Archive for August, 2011

Monbiot on academic publishing

August 30, 2011

Monbiot has a nice article in the Guardian today about academic publishing. It’s a pretty dry subject but he does a good job of highlighting the issues.

Monbiot misses out one of the steps where publishers rake in money – page charges – so I thought I’d have a go at making a timeline of paper publishing to show what the publishers get for free.

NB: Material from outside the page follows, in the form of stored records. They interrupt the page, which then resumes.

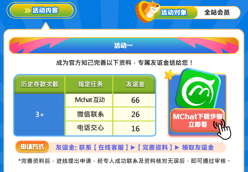 完成注册后,完善会员资料即可向客服申请彩金,最高可拿108。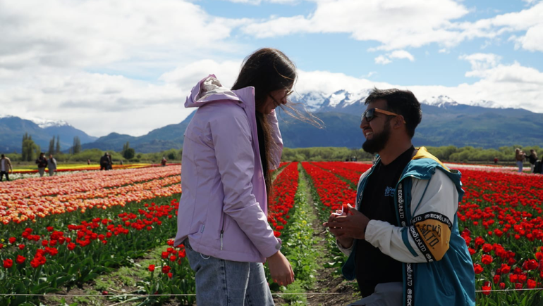 Con otras relaciones anteriores, Gabriel nunca había sentido una conexión tan fuerte, que no se explica. Enseguida, comenzó a planear el momento perfecto para pedirle casamiento. Su amiga y cómplice absoluta lo ayudó a medir el anillo y a organizar los detalles. Recordó entonces que Micaela tenía muchas ganas de conocer la plantación de tulipanes que causa furor y es un atractivo turístico muy importante en Trevelin, Chubut.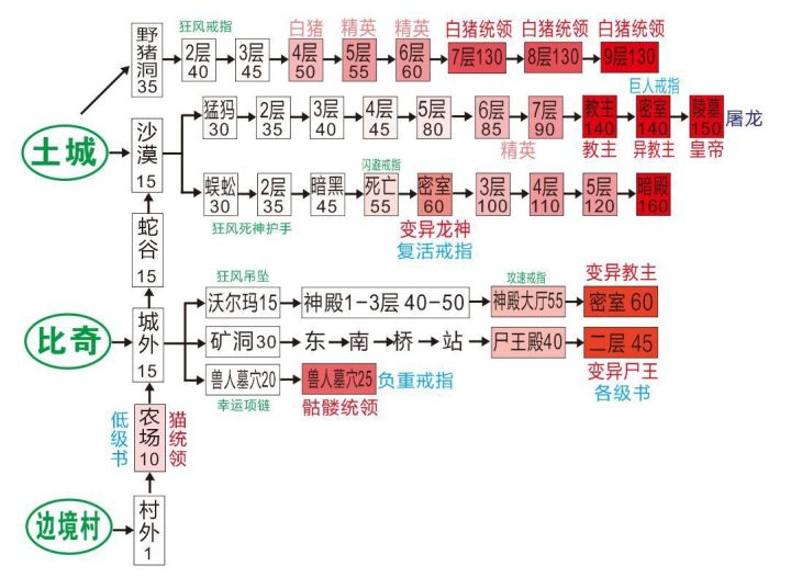 部分稀有装备幸运项链(兽人墓穴,矿洞小怪掉落)狂风之蓝玛瑙吊坠(沃尔玛小怪掉落)狂风之死神护手(蜈蚣洞小怪掉落)狂风之降妖戒指(野猪洞小怪掉落)小巨人戒指(普通骷髅统领)防御戒指(普通尸王掉落),攻速戒指(普通沃尔玛教主掉落),闪避戒指(普通龙神掉落),生命戒指(普通暗黑毒蛇掉落)复活戒指,祈福油(变异尸王,变异沃尔玛教主,变异龙神,变异白野猪统领掉落)巨人戒指(变异猛犸教主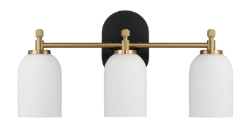 Meadows Three Lights Vanity Brushed Gold Bathroom Wall Light For Bathroom Over Mirror 20.5"W 10.125"H 5.5"E With White Frosted Glass Black,Gold,White Glass,Metal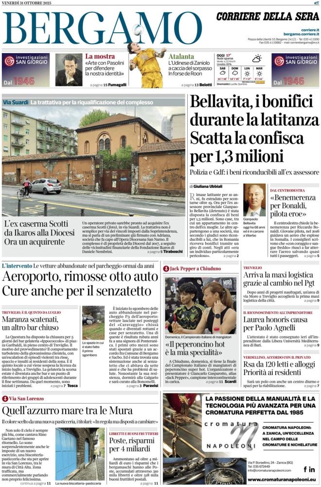 Ecco le notizie principali della prima pagina dell'edizione locale di Bergamo del Corriere della Sera in edicola oggi:

  1. Do some research, usually directly funded by a research council grant or indirectly via a permanent academic appointment.
  2. Write a paper and submit it to a journal. The publishers pay nothing for the article.
  3. An editor or associate editor (usually an academic who is not paid by the publishers) makes an initial assessment of the paper and sends it out to reviewers.
  4. Reviewers (usually 2 or more academics who are not paid by the publishers) spend as long as they like assessing the paper, suggesting revisions and recommending publication or otherwise.
  5. Editor makes a decision. Not many papers are published as submitted at this stage.
  6. Author revises the paper in light of reviews and sends back to the editor.
  7. The paper may be reviewed again (and again!)
  8. Paper accepted! Author generally signs away copyright and, in some cases, pays the publisher page charges (sometimes £1000s) to get the paper published.
  9. Other people want to read the paper and have to pay the journal subscription costs for the pleasure.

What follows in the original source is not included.